Часть 22 из 32 В начало
Для доступа к библиотеке пройдите авторизацию
– Строго говоря, хотели они нас убить или нет – неизвестно, – сказала Лика, все еще трясясь от ужаса. Здесь, в светлых сенях Степана с зажженной электрической лампочкой под потолком, стало хорошо видно, насколько она бледна и перепугана. – Но вот то, что они вошли в дом, чистая правда.
– Они нас трогали! – взвизгнула Полина.
– И это тоже правда, – подтвердила Лика.
Мирра только молча кивала. Забег по сонной деревне плохо сказался на ее ноге, пульсирующая боль отдавалась отбойными молотками в висках, кружила голову, и ей с трудом удавалось удерживать себя в сознании.
– Так. – Степан одной рукой продолжал обнимать Полину, а другой потер высокий лоб, о чем-то думая. – Так, – повторил он. – Значит, девчонки, запритесь дома и никому не открывайте. В окна не смотрите, вообще к ним не подходите, понятно? А мы с Матвеем сейчас вернемся.
– Нет, не оставляйте нас! – громко зарыдала Полина, хватаясь за Степу.
Лике пришлось выковыривать ее из объятий Степана, как жвачку из волос. Полина цеплялась за него наманикюренными пальчиками и громко шмыгала носом. Матвей быстро натянул футболку, и они вдвоем вышли из дома под громкие всхлипы Полины. Когда за ними закрылась дверь, Мирра почувствовала, как силы стремительно покидают ее. Давно уже ватные ноги совсем ослабли, пульс в висках заглушил существующую реальность, перед глазами поплыли разноцветные круги, и она стремительно провалилась в небытие, где не было ни деревни, окруженной лесом, ни навий, замотанных в белые простыни, ни удушающей летней жары. Только тишина и прохлада.

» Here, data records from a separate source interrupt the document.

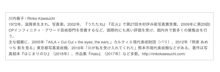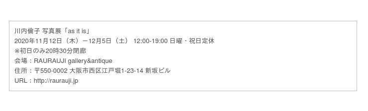 この度、株式会社カルタクリエイティブの運営するRAURAUJIギャラリーにおきまして、写真家川内倫子の写真展を催す運びとなりました。『as it is』は、川内倫子が自身の出産から約3年間、子育ての中で出会った子どもの姿や身近な風景を撮りためて構成した新作写真集となります。ささやかな物事に宿る生命の美しさと、その気づきから積み重なっていく日々。何気ない日常の切実さを改めて大切に思う現在だからこそ、これまでの風景が違う層を見せながら、新しい時代を生きる私たちに寄り添います。
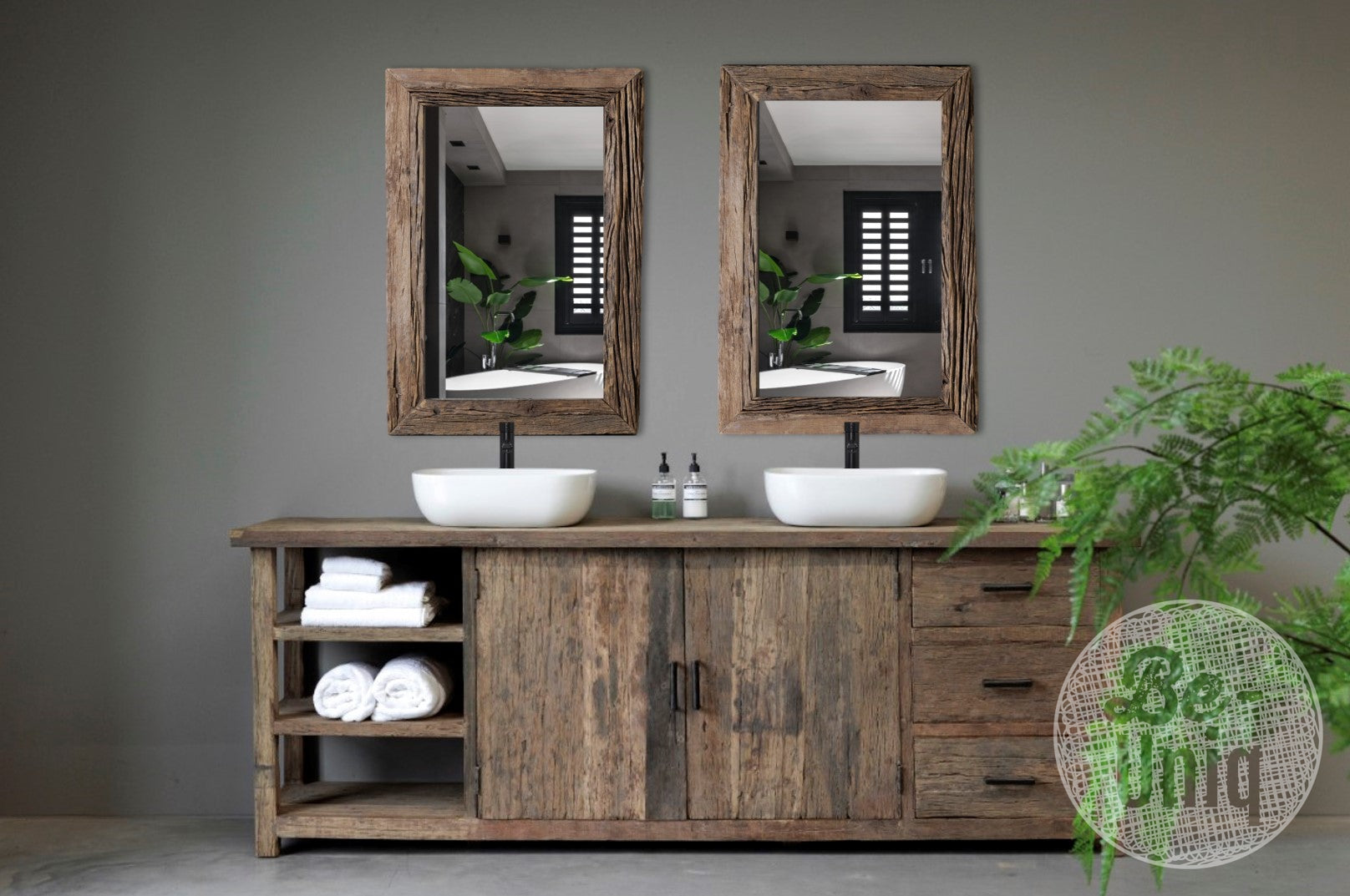 Het badkamer meubel is gemaakt van rustiek oud hout. Dit meubel heeft erg veel opbergruimte door de dubbele deuren, de lades en de open vakken.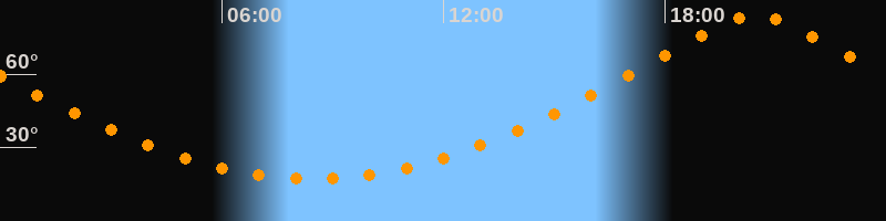 Höchster Stand (Kulmination)20:28 Uhr (h = 84,1°)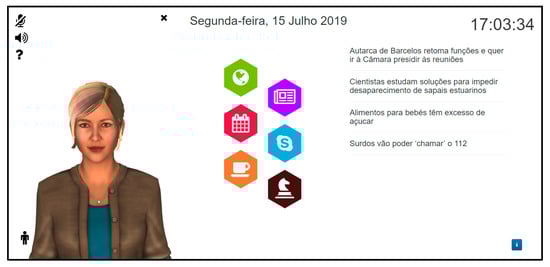 Figure 1 presents the dashboard of CaMeLi. The embodied conversational agent is presented in the lower left corner, in the middle of the screen the main menus are displayed (i.e., web, calendar, menu, news, Skype, and games), and at the right side of the screen the weather forecast and a summary of the latest news are presented. On the top of the screen, information to orient the users is presented, namely date and hour. In addition, in the upper left corner of the screen are displayed the microphone button, mute button, and the help button (with instructions about voice commands and information about the project). It is also possible to alter the gender of the embodied conversational agent by changing to the male version (in the lower left corner of the screen).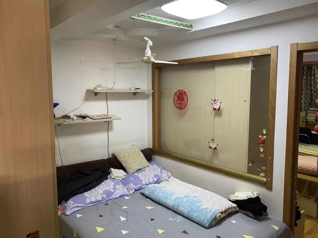 小朋友没有独立的儿童房,还和父母一起睡主卧,老人房也只是客厅里用柜子隔出来的一个空间,一家五口毫无隐私性可言。由于居住人口多、房子面积有很小,家里的功能空间也严重不足,杂物随处堆的满满当当。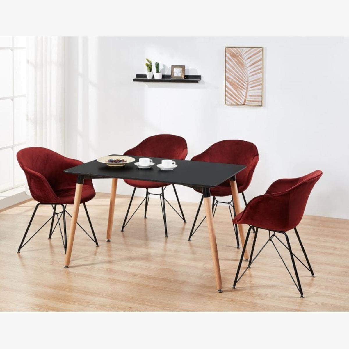 The dining set includes the Halo table that is simplistic and has a versatile design which, as well as a dining table, could also work as a desk. The solid wooden legs feature floor protectors to avoid scratching your floors, and the laminated tabletop is wipe-clean with a subtle satin sheen. The table comes with Valentina velvet chairs. The velvet body and sturdy legs will keep your guests comfy, while your home stays cosy. The quality materials used will ensure these chairs looks fantastic for years to come. Despite having a wonderful, smooth velvet finish to an already fantastic chair, additional care has gone into making the metal powder-coated black legs.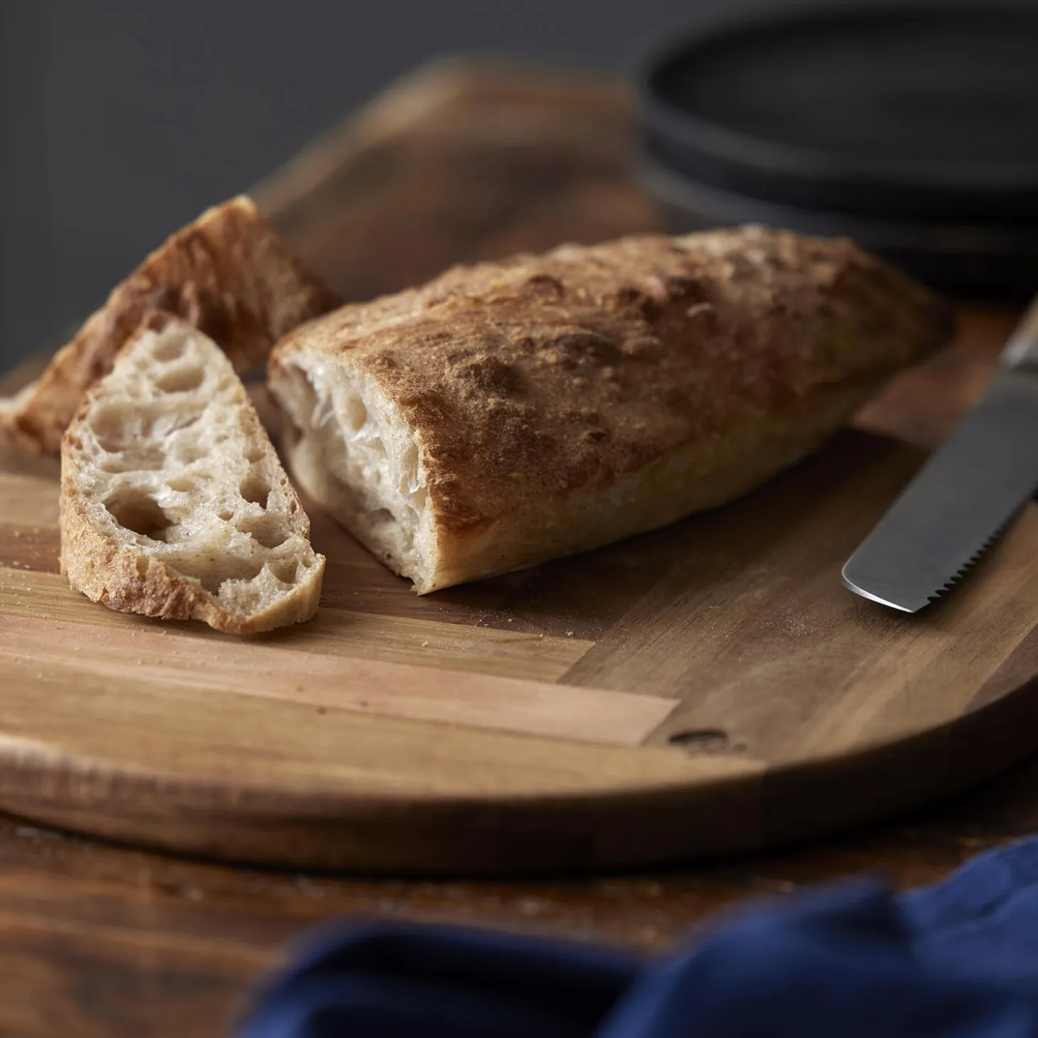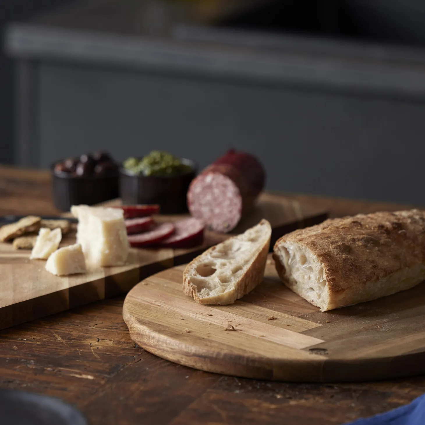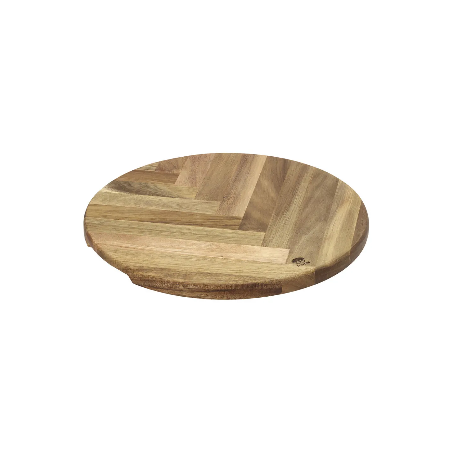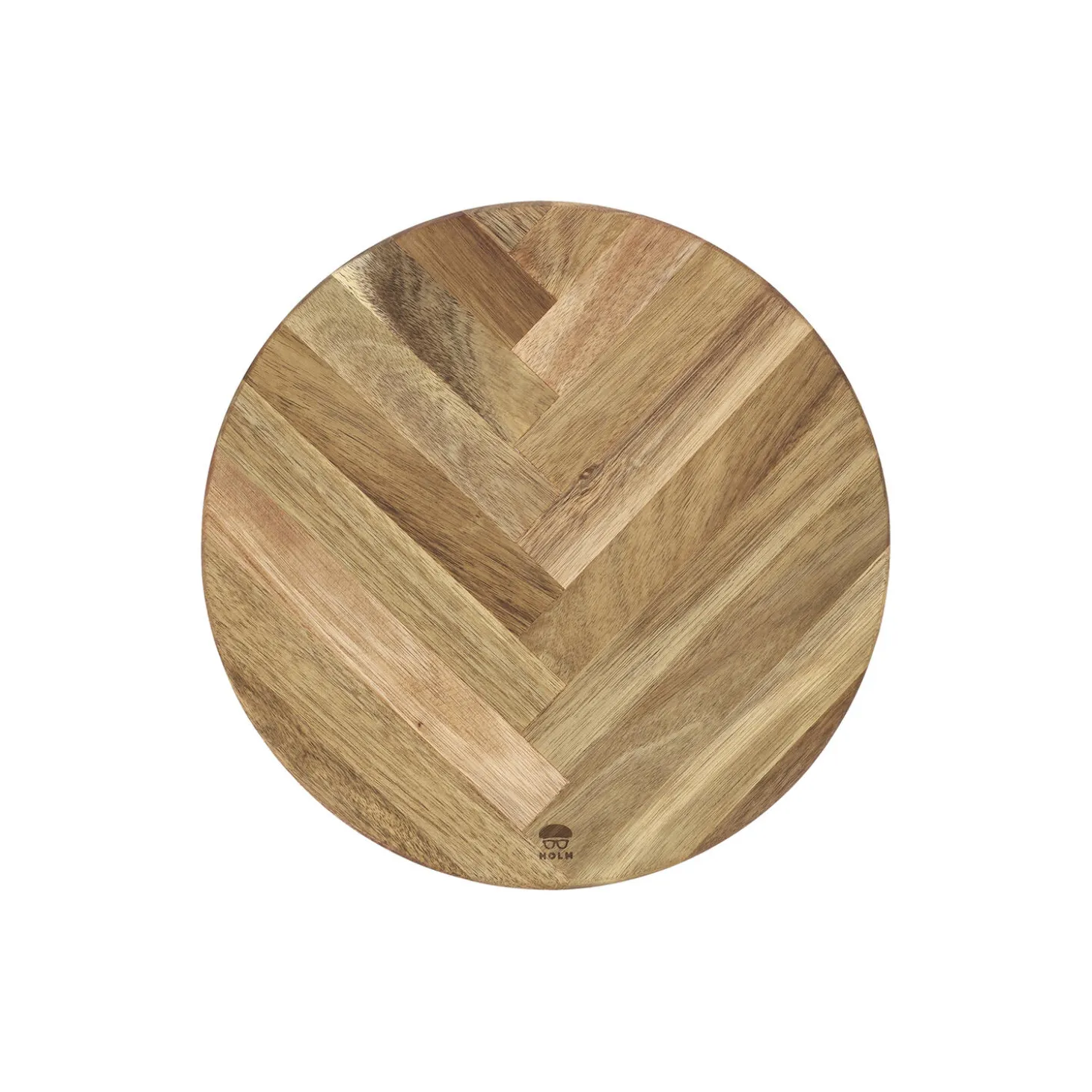 Rundt serveringsbræt af akacietræ i flot sildebensmønster. Brug det flotte serveringsbræt til servering af pizza, pålæg, bruschetta og andre antipasti-retter, ost eller andre retter, der skal præsenteres flot. Dia. 30,5 cm.Læg aldrig dit serveringsbræt i blød. Vaskes med varmt vand og mild sæbe. Brættet kan med fordel efterbehandles med madolie et par gange om året. Tåler ikke maskinopvask.Varen er produceret i FSC®-certificeret akacietræ (FSC-C166612).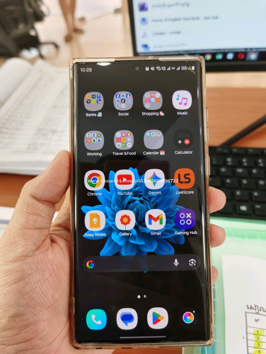 Galaxy s22 ultra Ram 8/ 128g ជាំក្បែរកាំមេរ៉ា នឹងខាងស្តាំដូចរូប sim 1+Esim ដំណើរការល្អគ្រប់យ៉ាង 0965555xxxClick To Call(តេឡេក្រាម) ជិតកាំកូរ មានតែទូរស័ព្ទ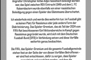 我再次重申,并將繼續(xù)重申——足球界絕不容忍種族主義或任何形式的歧視。作為2024年國際足聯(lián)理事會(huì)通過的五項(xiàng)反種族主義行動(dòng)措施的一部分成立的球員委員會(huì),將與德國足球協(xié)會(huì)聯(lián)系,并持續(xù)密切關(guān)注這些事件。
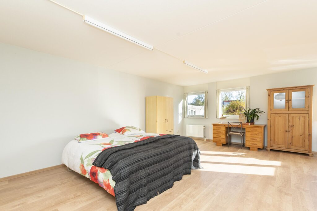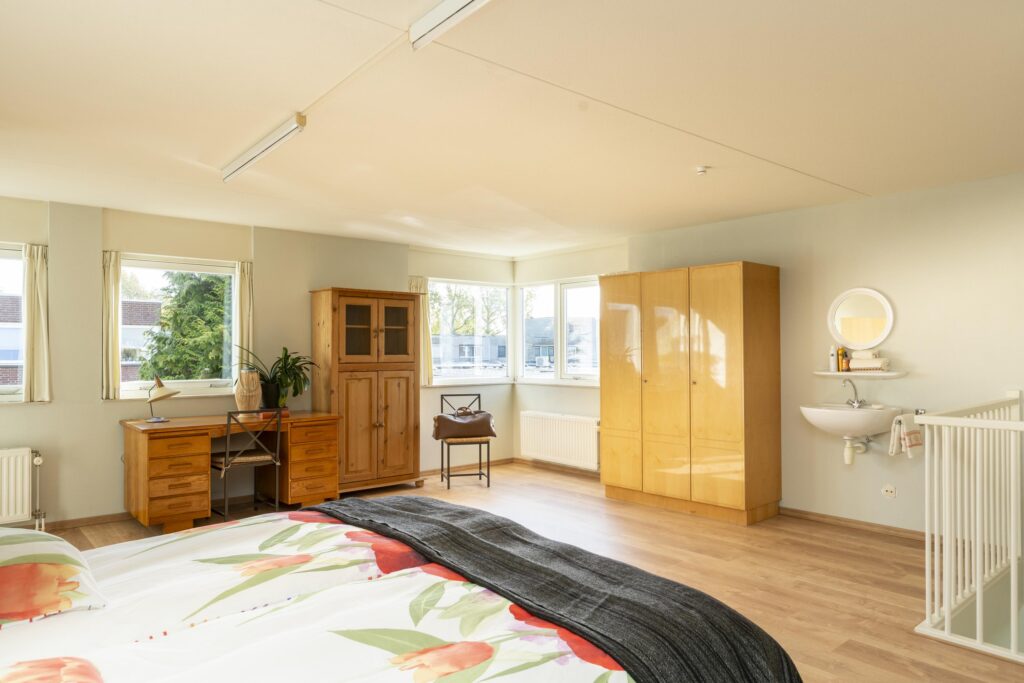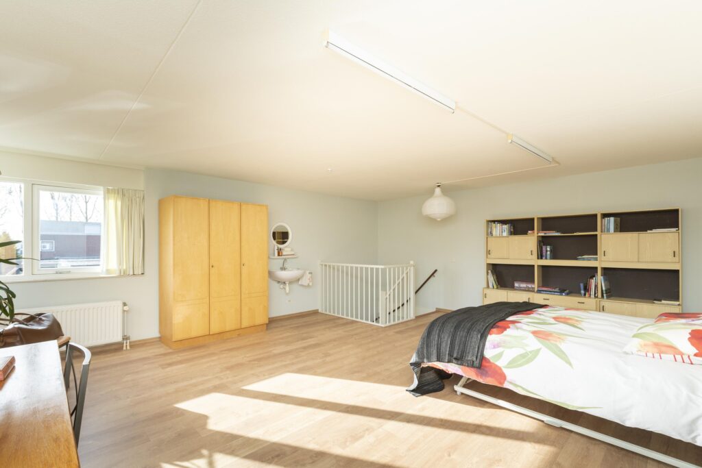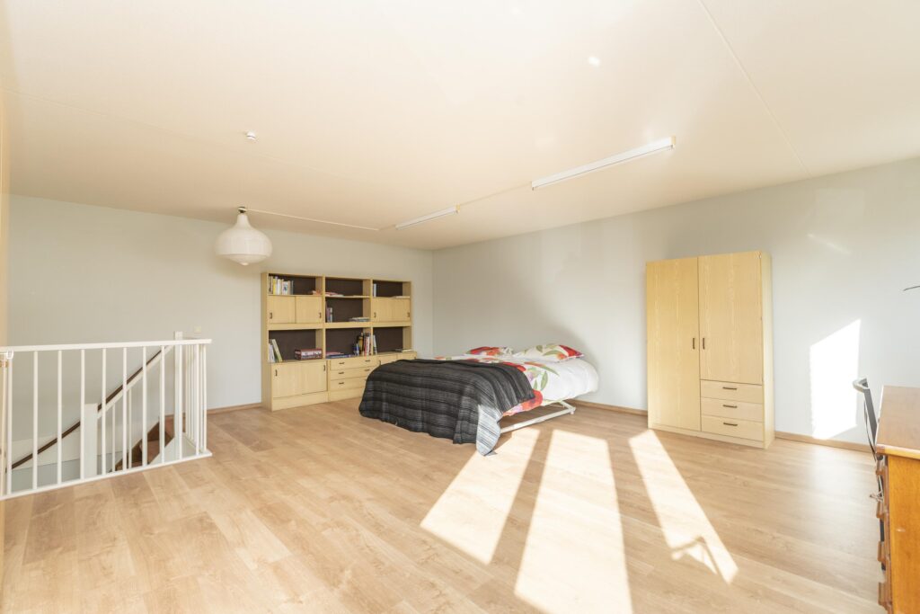 Wanneer u de trap oploopt, komt u in een heerlijke, lichte ruimte. Hier kunt u alle kanten op: maak er een royale slaapkamer van, een inspirerende werkplek of misschien juist een fijne hobbykamer. Dankzij de ramen geniet u van veel natuurlijk licht, waardoor de kamer een prettige en open sfeer heeft. De indeling is praktisch en flexibel, zodat u de ruimte eenvoudig kunt inrichten zoals u dat wilt. De aanwezige wastafel biedt extra comfort. De volledige verdieping is afgewerkt met een laminaatvloer.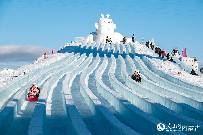 孩子们在冰雪那达慕上体验滑冰梯。吕昊俊摄
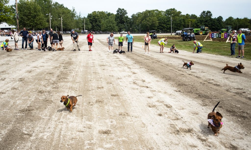 At the Canfield Fair’s inaugural wiener dog race, 46 dogs competed in three heats, with a fourth heat including the top three from each previous race to determine the final winners.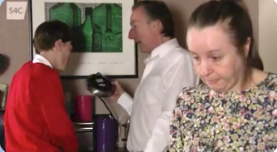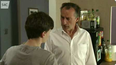 Ffion comes in, and finds that Hywel has managed to hobble as far as the Deri; she asks him, “Did you see the doctor?”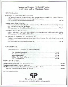 Here is a full page ad for Phantasia Press (including the World of Tiers books) from the July 1983 issue of Locus (#270).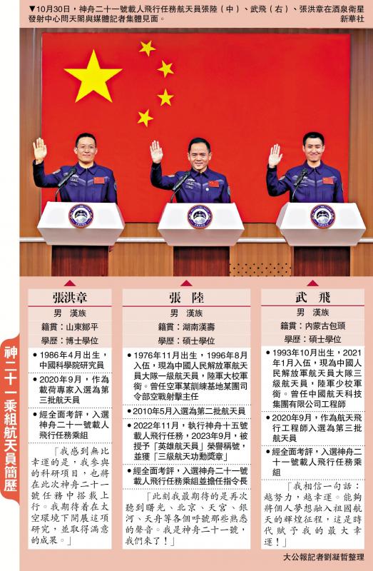 图片:10月30日,神舟二十一号载人飞行任务航天员张璐(中)、吴飞(右)、张宏章在酒泉卫星发射中心问天阁会见媒体记者。中国天宫空间站新华社即将迎来新的“太空商务之旅”三人组。中国航天工程新闻发言人张静波30日表示,经任务指挥部研究决定,神舟二十一号载人飞船将于北京时间10月31日23时44分发射。神舟二十一号任务的航天员由张鹭、吴飞、张鸿章组成,张鹭担任指挥员。他们将在太空停留6个月,并在轨道上执行27个新的科学和应用项目。其中,1993年出生的吴飞是目前中国航天员队伍中最年轻的航天员。此外,张静波还公布了香港宇航员的最新消息。他表示,两名港澳航天员加入团队后,各项工作进展顺利。他们按计划完成了航天相关基础理论知识的学习和多项基础演练,并将针对未来的飞行任务进行强化训练。 \ 大公报记者刘宁哲张静波介绍,执行神舟二十一号载人飞行任务的三位航天员张璐、吴飞、张宏章分别是航天飞行员、飞行工程师、装载专家。这是继神舟十六号航天员机组后第三个由三种类型组成的航天员机组,涵盖“70后”、“80后”、“90后”三个年龄段。航天员张璐驾驶神舟十五号载人飞行任务,而吴飞和张宏章都是首次飞行任务。其中,吴飞入选前曾任中国航天科技集团公司空间技术研究院工程师,查吴宏章入选前是中国科学院大连化学物理研究所研究员。有效载荷专家搭载自主研发项目“飞天”,作为目前执行飞行任务的最年轻的中国航天员,吴飞表示,天地往返常态化,让年轻一代有更多、更早的为国奋斗的机会。作为有效载荷专家,张宏章透露,他参与的研究项目将在神舟二十一号任务上进行,他希望能够在太空环境下开展研究,并取得满意的结果。此次任务是空间站应用研制阶段的第六次任务,也是载人航天工程的第37次任务。张静波指出,本次任务的主要目的是与神舟二十号乘组完成在轨轮换,在空间站停留约6个月,约开展空间科学与应用工作,开展航天员出舱活动和货物进出,开展空间碎片防护装置、出舱载荷和出舱设施设备安装等任务,开展科普教育和公益活动,增长测试空间载荷,持续发挥空间站应用综合效益最大化。按照计划,神二十一号飞船入轨后,将接受自主快速交会对接模式,在3.5小时左右与天河核心舱前港对接,形成三船三舱组合。在轨运行半年多的神舟二十号机组在与神二十一号机组完成在轨轮换后返回东风着陆场。港澳航天员完成沙漠生存等训练科目。此外,香港载人航天工程也正式启动。官方还公布了香港航天员的最新消息。张静波表示,两名港澳航天员入队后,很快融入航天员队伍,各项工作进展顺利。目前,该队已按计划完成了多项涉及基础理论知识和体能、心理、航天环境适应能力等方面的航天基础演练,目前正在进行航天专业技术培训。期间还完成了沙漠生存、发起紧急现场疏散等具有挑战性的训练课题。任务技能不断提高,基本体能、抗压能力等身心特征得到较大提高,总体状况良好。后续将安排两名港澳航天员进行强化任务训练,确保满足各项要求nts 执行任务。 “我们期待他们一起惊艳亮相。”张静波说道。

Из благостной неги ее выдернуло внезапное понимание, что кто-то касается ее обнаженного бедра. Что-то мерзостно-холодное стекает по коже, а то место, где остался глубокий порез, нещадно щиплет. Мирра торопливо распахнула глаза и попыталась оттолкнуть чью-то руку, сесть, отползти, но голова снова отправилась в крутое пике, и она смогла лишь глухо простонать сквозь сжатые зубы.
– Терпи! – велел голос рыжей язвы. – Не дала вечером Матвею зашить, а теперь кровотечение открылось. Потому и сознание потеряла.
Мирра бессильно закрыла глаза и снова откинула голову, которую бережно придерживала у себя на коленях Полина, пока Лика обрабатывала рану, очевидно, найденной у Матвея аптечкой. Ладно, хоть мужчины еще не вернулись. Пока она была в отключке, Полина и Лика перенесли ее в комнату, и теперь она лежала на ковре, жесткими ворсинками впивающемся в кожу.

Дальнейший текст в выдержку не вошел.